F. Brasch1,2, J. Birzele1, M. Ochs2, S.H. Guttentag3, O.D. Schoch4, A. Boehler5, M.F. Beers6, K.M. Müller1, S. Hawgood7 and G. Johnen8

1 Institute of Pathology, University Hospital "Bergmannsheil", and 8 Institute of Occupational Medicine, Ruhr University, Bochum, and 2 Division of Electron Microscopy, Dept of Anatomy, University of Göttingen, Göttingen, Germany. 3 Division of Neonatology, Dept of Paediatrics, and 6 Pulmonary and Critical Care Division, Dept of Medicine, University of Pennsylvania School of Medicine, Philadelphia, PA, and 7 Dept of Paediatrics and Cardiovascular Research Institute, University of California San Francisco, San Francisco, CA, USA. 4 Division of Pulmonary Medicine, Cantonal Hospital, St. Gallen, and 5 Division of Pulmonary Medicine and Lung Transplant Program, University Hospital, Zürich, Switzerland

CORRESPONDENCE: F. Brasch, Institute of Pathology, University Hospital "Bergmannsheil", Buerkle-de-la-Camp Platz 1, D-44789, Bochum, Germany. Fax: 49 2343026671. E-mail: Frank.E.Brasch@ruhr-uni-bochum.de

Keywords: Precursors of surfactant protein B, pulmonary alveolar proteinosis, surfactant

Received: July 3, 2003
Accepted May 3, 2004

This study was partially supported by NIH P01-19737 (M.F. Beers) and NIH HL-59959 (S.H. Guttentag).

Pulmonary alveolar proteinosis (PAP) is a rare disorder characterised histologically by an intra-alveolar accumulation of fine granular eosinophilic and periodic acid-Schiff positive material.

In a retrospective study, the composition of the intra-alveolarly accumulated material of adult patients with PAP was analysed by means of immunohistochemistry and Western blotting.

In patients with PAP, the current authors found an intra-alveolar accumulation of surfactant protein (SP)-A, precursors of SP-B, SP-B, variable amounts of mono-, di-, and oligomeric SP-C forms, as well as SP-D. Only in one patient was a precursor of SP-C detected. By means of immuno-electron microscopy, the current authors identified not only transport vesicles labelled for precursors of SP-B and SP-C, but also transport vesicles containing either precursors of SP-B or SP-C in type-II pneumocytes in normal human lungs.

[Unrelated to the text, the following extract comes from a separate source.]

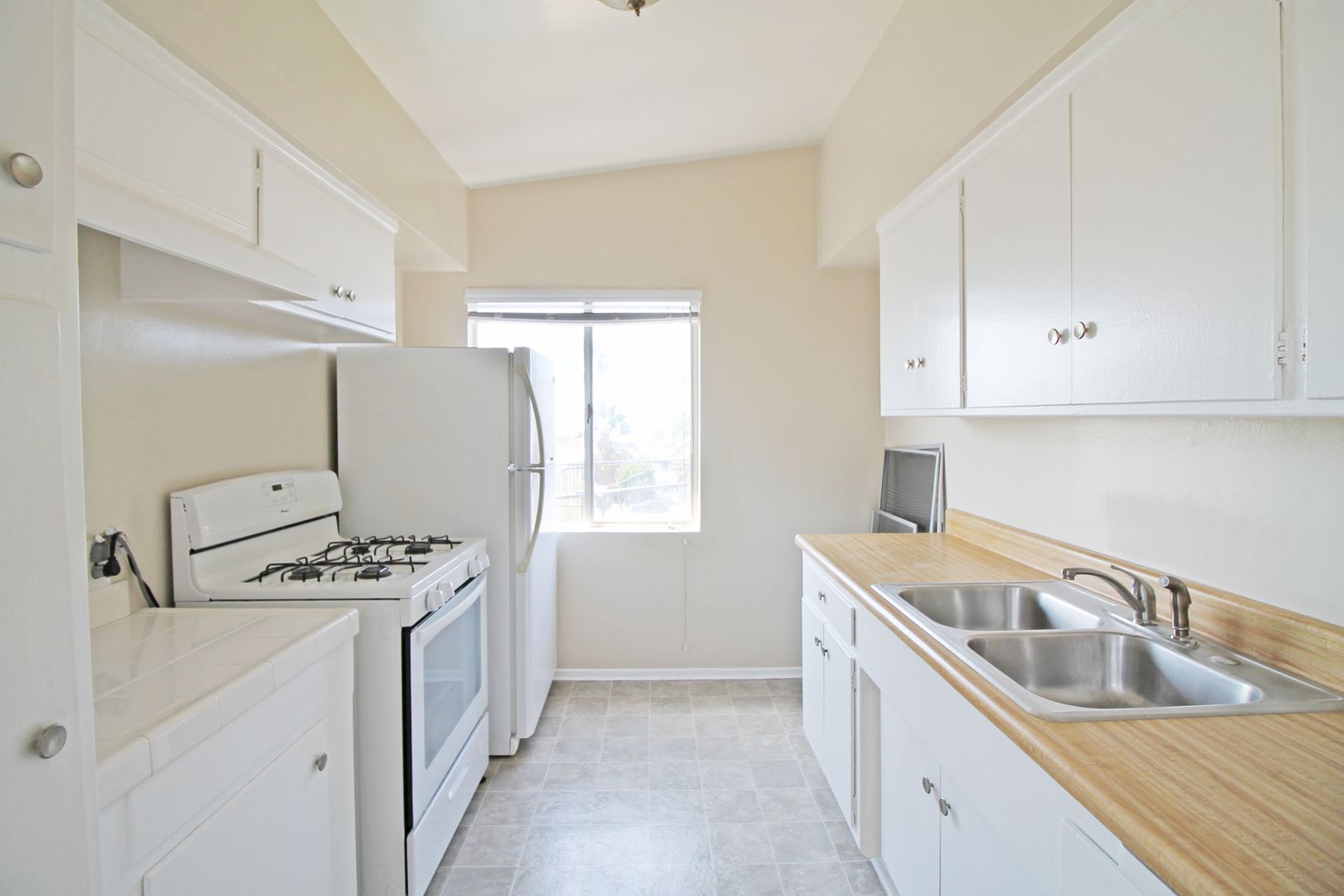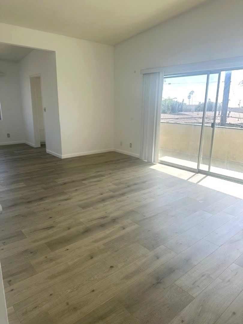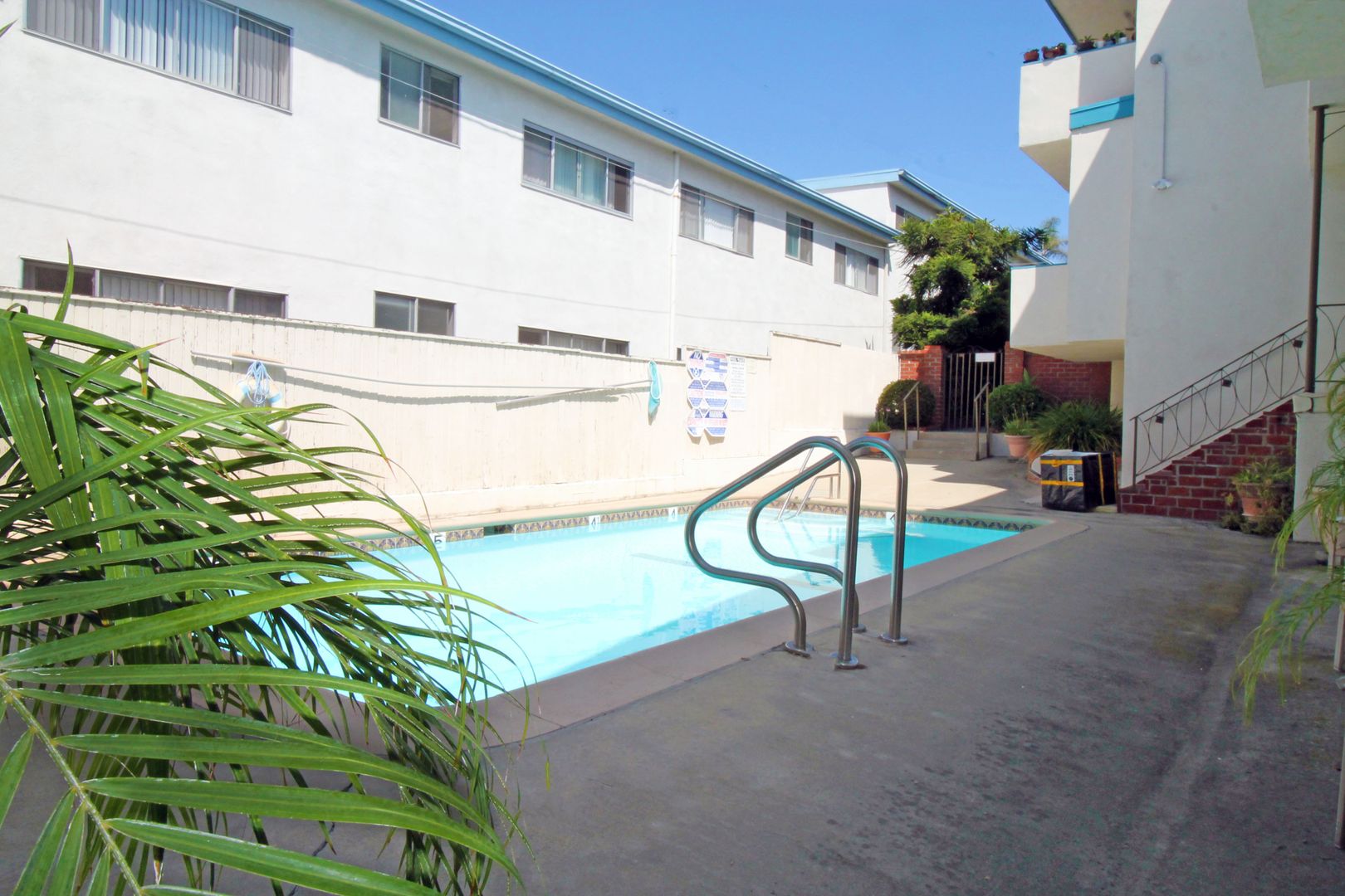 Upper Rear 2 bdrm unit.  Great ocean views from the living area and balcony of this unit.  Kitchen includes stove and refrigerator.  Good sized bedrooms with hallway bathroom.  Nice new laminate wood floors throughout living area. Master bedroom with private master bathroom.  New carpet in bedrooms and new paint throughout. 1 car carport parking with storage.  Coin laundry on site.  Community pool.  Steps to the Riviera with great restaurants and shops.  1 year lease. No smoking. No pets.

It is concluded that pulmonary alveolar proteinosis in adults is characterised by an intra-alveolar accumulation of surfactant protein A, precursors of surfactant protein B, and surfactant proteins B, C and D. The current data provide evidence that not only an impairment of surfactant clearance by alveolar macrophages, but also an abnormal secretion of transport vesicles containing precursors of surfactant protein B (but not surfactant protein C) and an insufficient palmitoylation of surfactant protein C, which may lead to the formation of di- and oligomeric surfactant protein C forms, play a role in the pathogenesis of pulmonary alveolar proteinosis.